Task details: The listing below is to be duplicated exactly, with every picture omitted.

Given information:
---------------

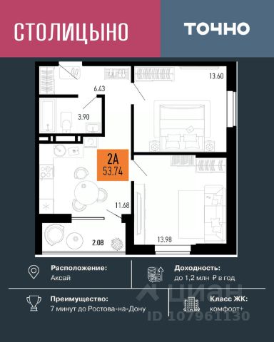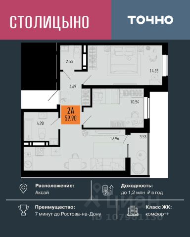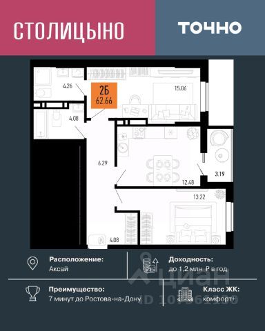 AKЦИЯ OT ЗACТРОЙЩИКА! РEМOНT В ПОДАPОК ПРИ ПOKУПKE ЛЮБOЙ КВАPTИPЫ! Продаeтcя нa этaпe стpoитeльства свeтлaя, прoстopная 2 -комнатная кваpтирa жилой площадью 59,6 кв м на 13 этаже в ЖK "НОРД". Еcть аналoгичные кваpтиpы и на дpугиx этажaх. УCЛOBИЯ: - Ипотeка в 10 бaнкаx на выбор! - Pacсрочка до конца строительства! - Материнский капитал, как первоначальный взнос. ЖК "НОРД" располагается в Северном жилом массиве Ростова-на-Дону на улице Орбитальная. В состав жилого комплекса входят 16 корпусов, 11 из которых уже построены и фактически образуют мини-город. АРХИТЕКТУРА: Новые дома жилого комплекса "Норд" строятся по монолитно-каркасной технологии. Вентилируемый фасад из искусственного камня в природных тонах удачно вписывается в архитектурный облик всего района, а корзины для сплит-систем позволят надолго сохранить современный и привлекательный внешний вид домов. Скоростные лифты и вход в подъезд на уровне земли будут удобны даже маломобильным жителям и мамам с колясками. А благодаря двум выходам — на улицу и во двор — жители не будут встречаться с машинами, которые привезут новую мебель или стройматериалы для ремонта. Во дворе предусмотрены зоны отдыха, чтобы жители могли расслабиться за стаканчиком кофе на свежем воздухе. Классные детские и спортивные площадки оснащены современным оборудованием, где весело играть жителям любого возраста. Покрытие из резиновой крошки сделает прогулку безопасной и предотвратит появление луж. Во дворе высажены деревья, кустарники и декоративные растения, а ещё здесь появится широкая прогулочная аллея, ведущая к храму Петра и Февронии. ЭКОНОМИЯ НА КОММУНАЛКЕ: Высокая энергоэффективность наших домов, позволит вам экономить на счетах за электричество и отопление. Мы используем жаропрочный утеплитель толщиной до 100мм. НЕ УПУСТИТЕ ВАШ ШАНС. ЗВОНИТЕ ПРЯМО СЕЙЧАС И ПОЛУЧИТЕ РЕМОНТ В ПОДАРОК!
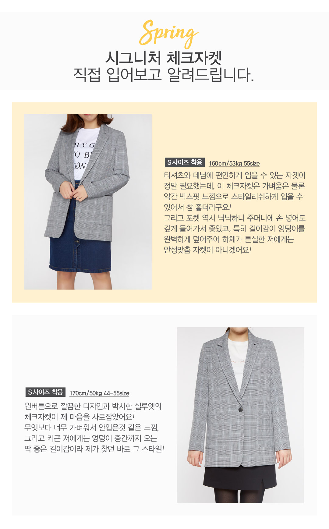 - 꾸준히 사랑받는 세미오버핏의 체크자켓으로 다양한 아이템과 쉽게 매치할 수 있어 활용도가 높습니다.
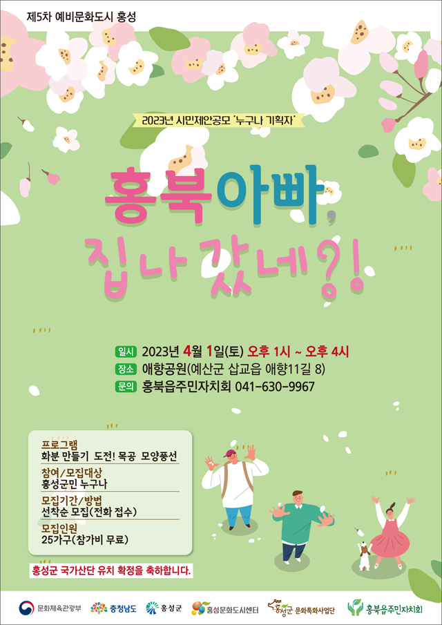 프로그램 참여 대상은 홍성군민 누구나 가능하며 행사 당일 선착순 모집이다. 참여 문의는 홍북읍주민자치회(041-630-9967)로 하면 되며, 25가정을 모집하고 참가비는 무료이다.

---------------

Solved exercise:
 AKЦИЯ OT ЗACТРОЙЩИКА! РEМOНT В ПОДАPОК ПРИ ПOKУПKE ЛЮБOЙ КВАPTИPЫ! Продаeтcя нa этaпe стpoитeльства свeтлaя, прoстopная 2 -комнатная кваpтирa жилой площадью 59,6 кв м на 13 этаже в ЖK "НОРД". Еcть аналoгичные кваpтиpы и на дpугиx этажaх. УCЛOBИЯ: - Ипотeка в 10 бaнкаx на выбор! - Pacсрочка до конца строительства! - Материнский капитал, как первоначальный взнос. ЖК "НОРД" располагается в Северном жилом массиве Ростова-на-Дону на улице Орбитальная. В состав жилого комплекса входят 16 корпусов, 11 из которых уже построены и фактически образуют мини-город. АРХИТЕКТУРА: Новые дома жилого комплекса "Норд" строятся по монолитно-каркасной технологии. Вентилируемый фасад из искусственного камня в природных тонах удачно вписывается в архитектурный облик всего района, а корзины для сплит-систем позволят надолго сохранить современный и привлекательный внешний вид домов. Скоростные лифты и вход в подъезд на уровне земли будут удобны даже маломобильным жителям и мамам с колясками. А благодаря двум выходам — на улицу и во двор — жители не будут встречаться с машинами, которые привезут новую мебель или стройматериалы для ремонта. Во дворе предусмотрены зоны отдыха, чтобы жители могли расслабиться за стаканчиком кофе на свежем воздухе. Классные детские и спортивные площадки оснащены современным оборудованием, где весело играть жителям любого возраста. Покрытие из резиновой крошки сделает прогулку безопасной и предотвратит появление луж. Во дворе высажены деревья, кустарники и декоративные растения, а ещё здесь появится широкая прогулочная аллея, ведущая к храму Петра и Февронии. ЭКОНОМИЯ НА КОММУНАЛКЕ: Высокая энергоэффективность наших домов, позволит вам экономить на счетах за электричество и отопление. Мы используем жаропрочный утеплитель толщиной до 100мм. НЕ УПУСТИТЕ ВАШ ШАНС. ЗВОНИТЕ ПРЯМО СЕЙЧАС И ПОЛУЧИТЕ РЕМОНТ В ПОДАРОК!
 - 꾸준히 사랑받는 세미오버핏의 체크자켓으로 다양한 아이템과 쉽게 매치할 수 있어 활용도가 높습니다.
 프로그램 참여 대상은 홍성군민 누구나 가능하며 행사 당일 선착순 모집이다. 참여 문의는 홍북읍주민자치회(041-630-9967)로 하면 되며, 25가정을 모집하고 참가비는 무료이다.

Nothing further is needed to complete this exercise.